## [Goal of the exercise]
All pictures are to be skipped; retype only the lines from the top of the entries through the line with "Dominique Wilkins Autographed", both included.

[Stored items]
^^^^^^^^^^^^^^^^

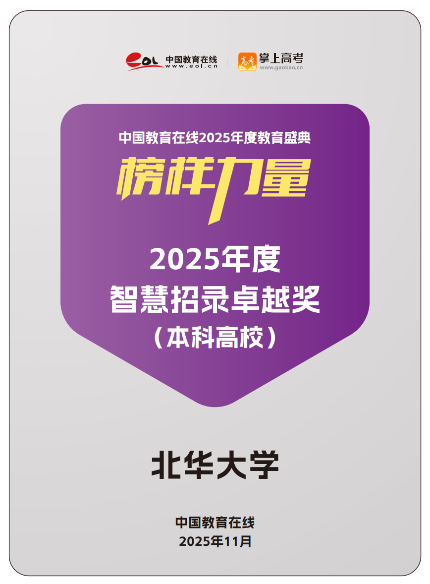 近日,中国教育在线“榜样力量·2025年度教育盛典”优秀案例名单公布。北华大学凭借在招录工作中对智慧招录相关技术工具的高水平运用及卓越成果,获评“2025年度智慧招录本科高校”。
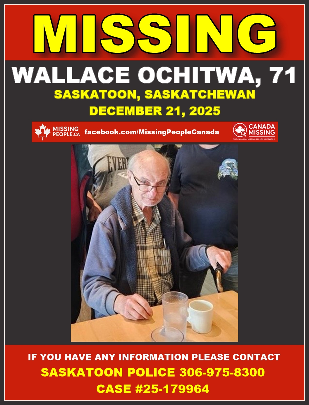 The Saskatoon Police Service is requesting public assistance in locating Wallace Ochitwa, a 71-year-old male from Saskatoon. Occurrence #25-179964.
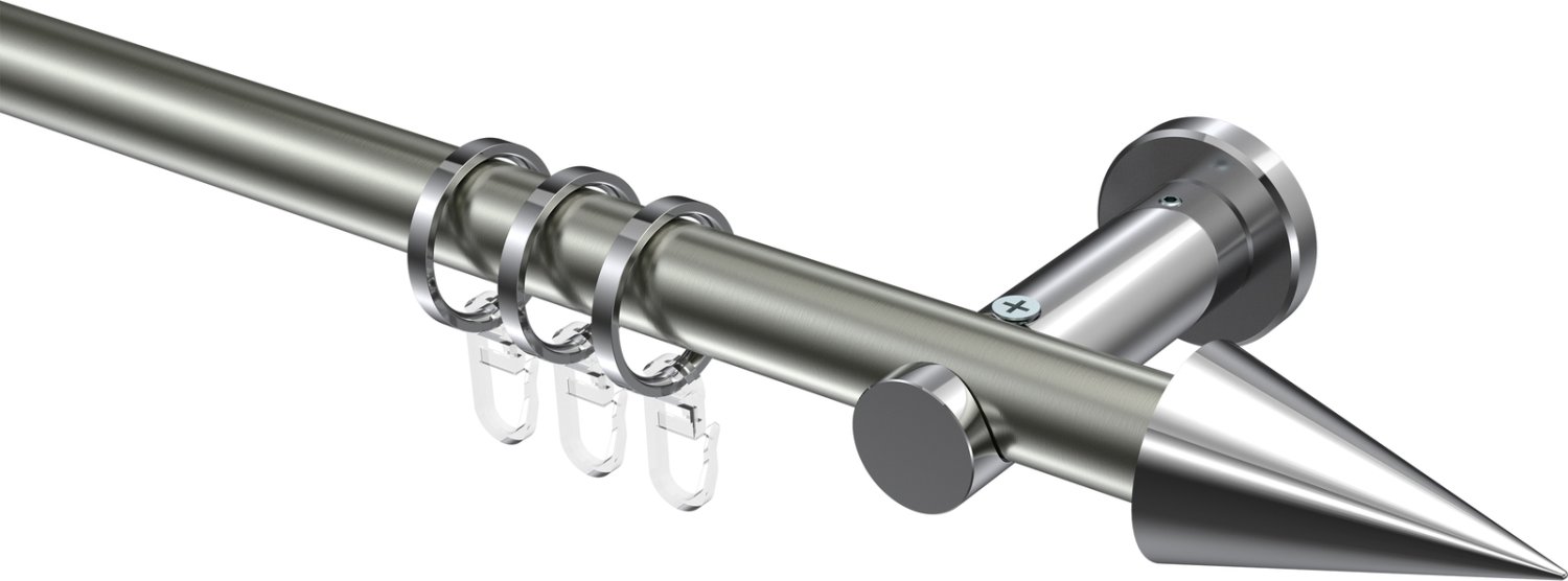 Gardinenstangen aus Metall in 20 mm Ø, 1-läufig, Modell PLATON - Savio Edelstahl-Optik / Chrom
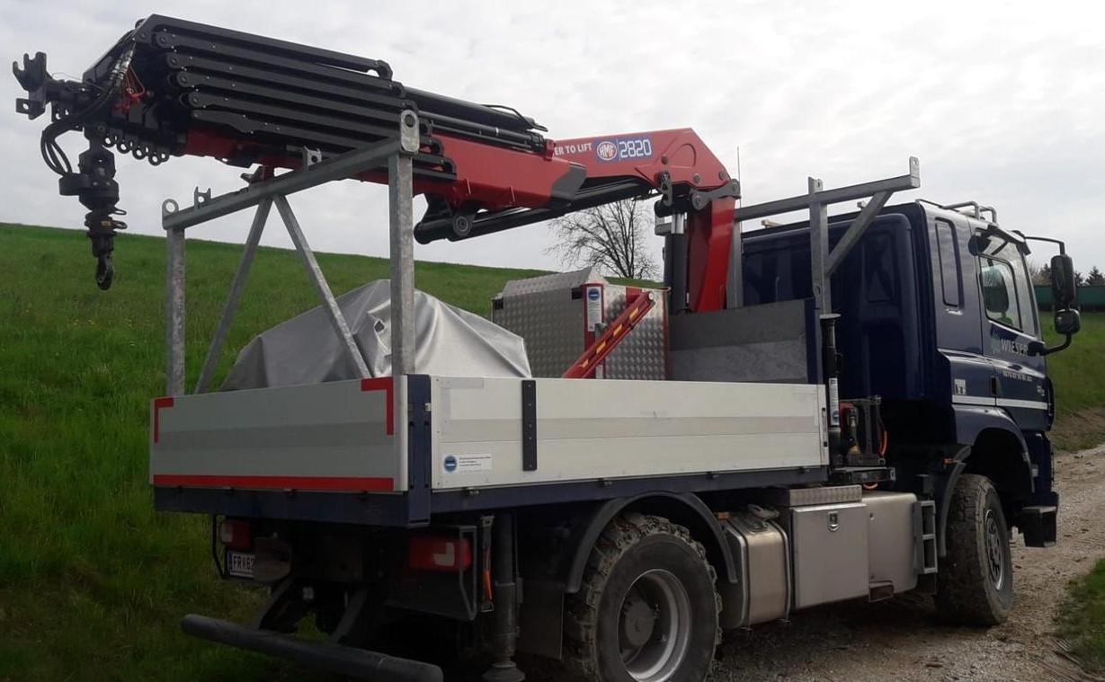 Montage eines HMF 2820-K6 Ladekranes front
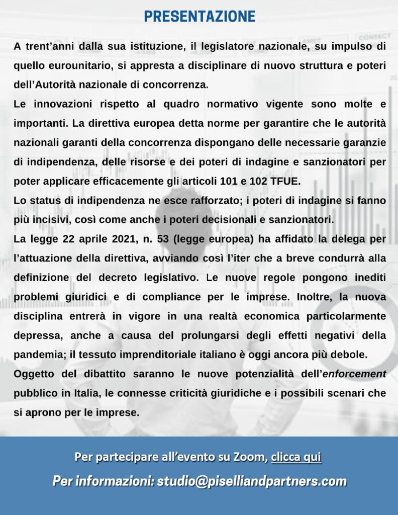 NUOVI POTERI DELL’AGCM: IL WEBINAR GRATUITO DI PISELLI&PARTNERS CON PPI E VENEZIA STUDI
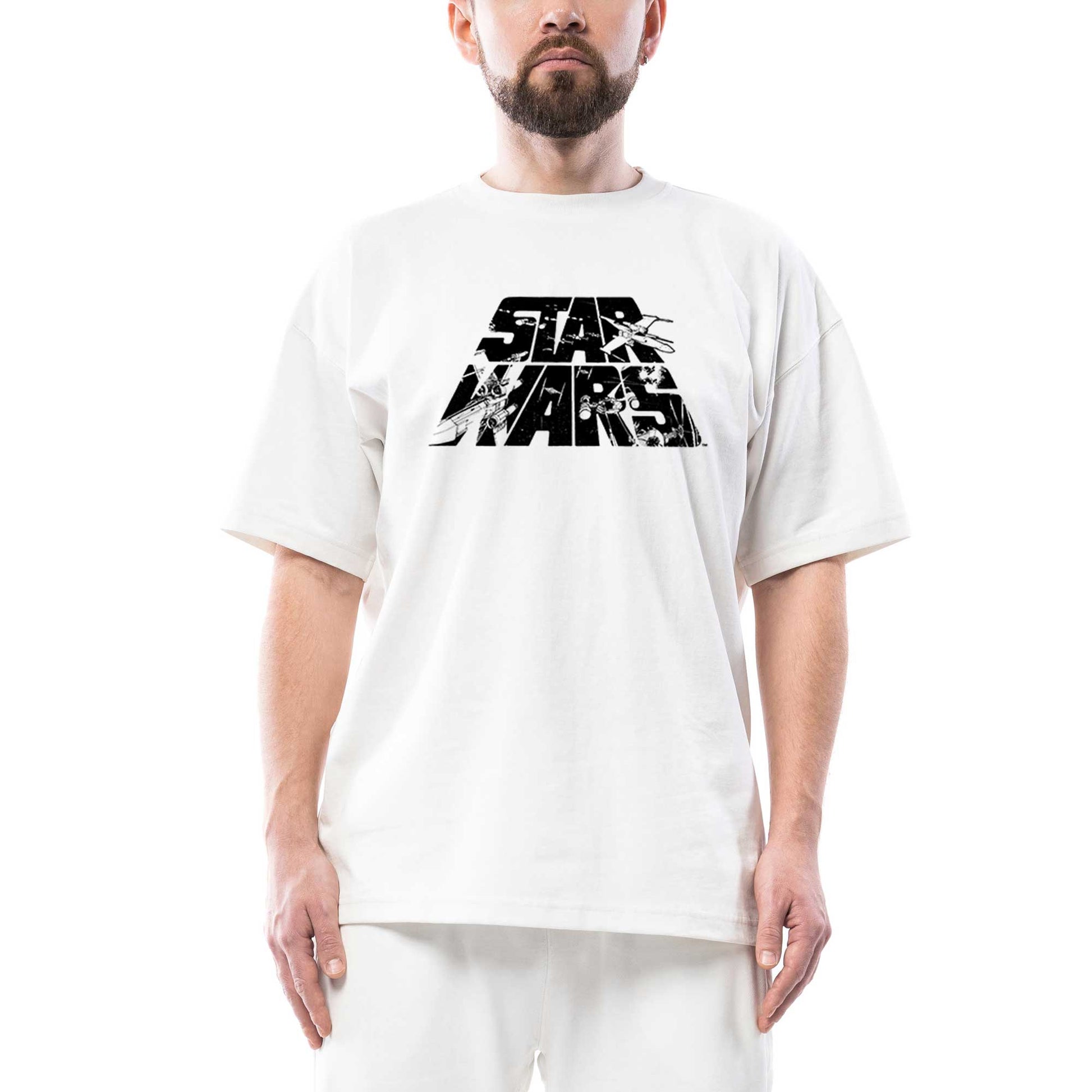 Star Wars Logo 3 Oversize Beyaz Tişört
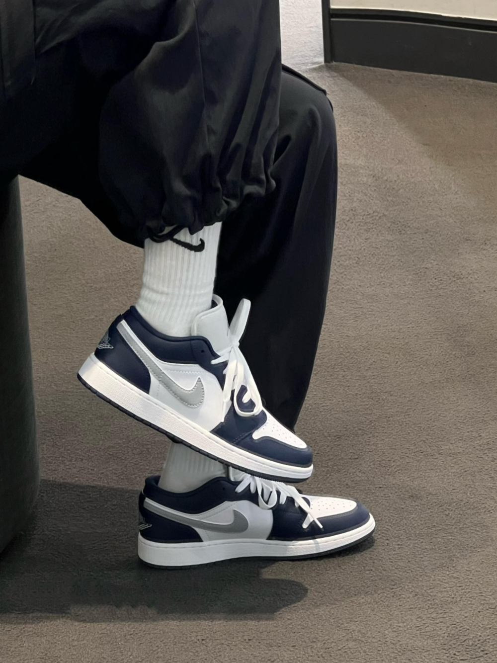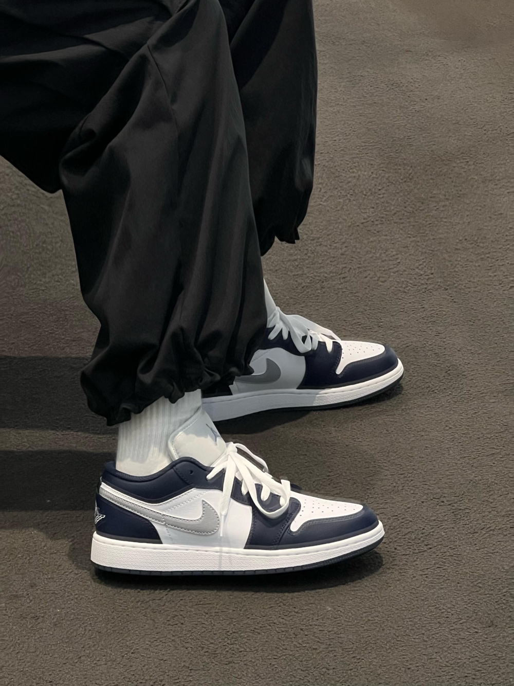 这配色谁顶得住啊!AJ1午夜蓝杀我💘 开箱我的新宠AJ1!! 这是什么神仙配色啊!深邃的午夜蓝搭配干净的白, 不是那种俗气的亮蓝,是自带高级滤镜的耐看蓝💙 低帮设计真的很友好,夏天穿也不闷脚, 银灰色Swoosh点睛,细节感满满。 随便搭个黑裤白袜,街头少年感瞬间拿捏, 这颜值真的越看越喜欢!
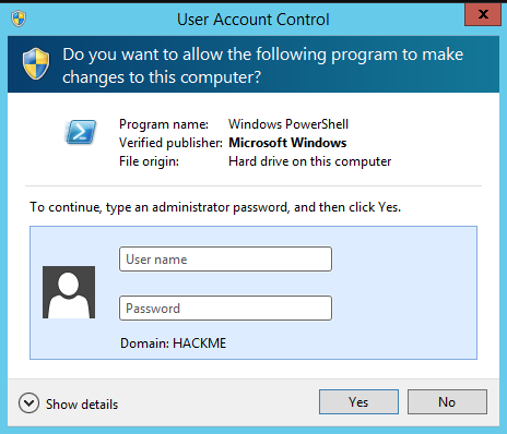 A User Account Control box pops up, asking for a user name and a password, as shown below.
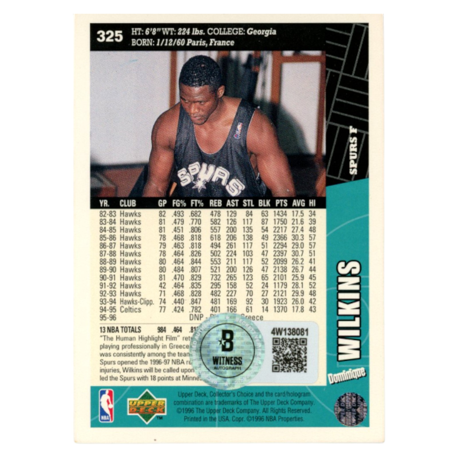 Dominique Wilkins Autographed 96 Upper Deck 325 SMEAR Trading Card Beckett 54180
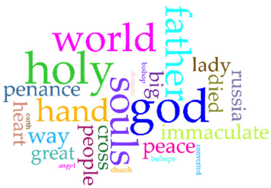 As seen on Figure 6, the result is telling. The most important terms are “God” (6), “Holy” (6), “Father” (5), “Souls” (5), “World” (5), “Hand” (4), [less visible as in singular and plural but together also prominent bishops/bishop 4], “Big” (3), “Cross” (3), “Died” (3), “Great” (3), “Heart” (3), “Immaculate” (3), “Lady” (3), “Peace” (3), “Penance” (3), “People” (3), “Russia” (3), “Way” (3) and among the terms mentioned twice are: “Angel”, “Church”, “Converted”, “Demons”, “End”, “Fear”, “Flames”. Again, as in the papal addresses “God” ranked high, the pope is an issue himself—“Holy Father” -, and the Virgin Mary appears as “Lady”. We read also again the familiar terms “World”, “Heart”, “Peace” and “Church”. However, among these well-known buzzwords suddenly the other discourse emerges: “Penance”, “Russia”, “Died”, “End”, “Fear” and “Flames” rank also high. The popes told only half of the story. The contested issues of the message of Fatima were omitted.
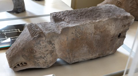- Konsolbalken, die vorn in Tierköpfe (Löwen (?) übergehen
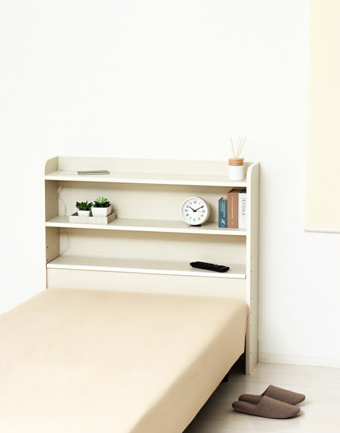 後付けヘッドボード ホワイト 日本製 シングル 収納ラック 巾木よけ 白家具 おしゃれ 北欧 カントリー 国産 ヘッドボード単品

^^^^^^^^^^^^^^^^

## [Answer to this task]
 近日,中国教育在线“榜样力量·2025年度教育盛典”优秀案例名单公布。北华大学凭借在招录工作中对智慧招录相关技术工具的高水平运用及卓越成果,获评“2025年度智慧招录本科高校”。
 The Saskatoon Police Service is requesting public assistance in locating Wallace Ochitwa, a 71-year-old male from Saskatoon. Occurrence #25-179964.
 Gardinenstangen aus Metall in 20 mm Ø, 1-läufig, Modell PLATON - Savio Edelstahl-Optik / Chrom
 Montage eines HMF 2820-K6 Ladekranes front
 NUOVI POTERI DELL’AGCM: IL WEBINAR GRATUITO DI PISELLI&PARTNERS CON PPI E VENEZIA STUDI
 Star Wars Logo 3 Oversize Beyaz Tişört
 这配色谁顶得住啊!AJ1午夜蓝杀我💘 开箱我的新宠AJ1!! 这是什么神仙配色啊!深邃的午夜蓝搭配干净的白, 不是那种俗气的亮蓝,是自带高级滤镜的耐看蓝💙 低帮设计真的很友好,夏天穿也不闷脚, 银灰色Swoosh点睛,细节感满满。 随便搭个黑裤白袜,街头少年感瞬间拿捏, 这颜值真的越看越喜欢!
 A User Account Control box pops up, asking for a user name and a password, as shown below.
 Dominique Wilkins Autographed 96 Upper Deck 325 SMEAR Trading Card Beckett 54180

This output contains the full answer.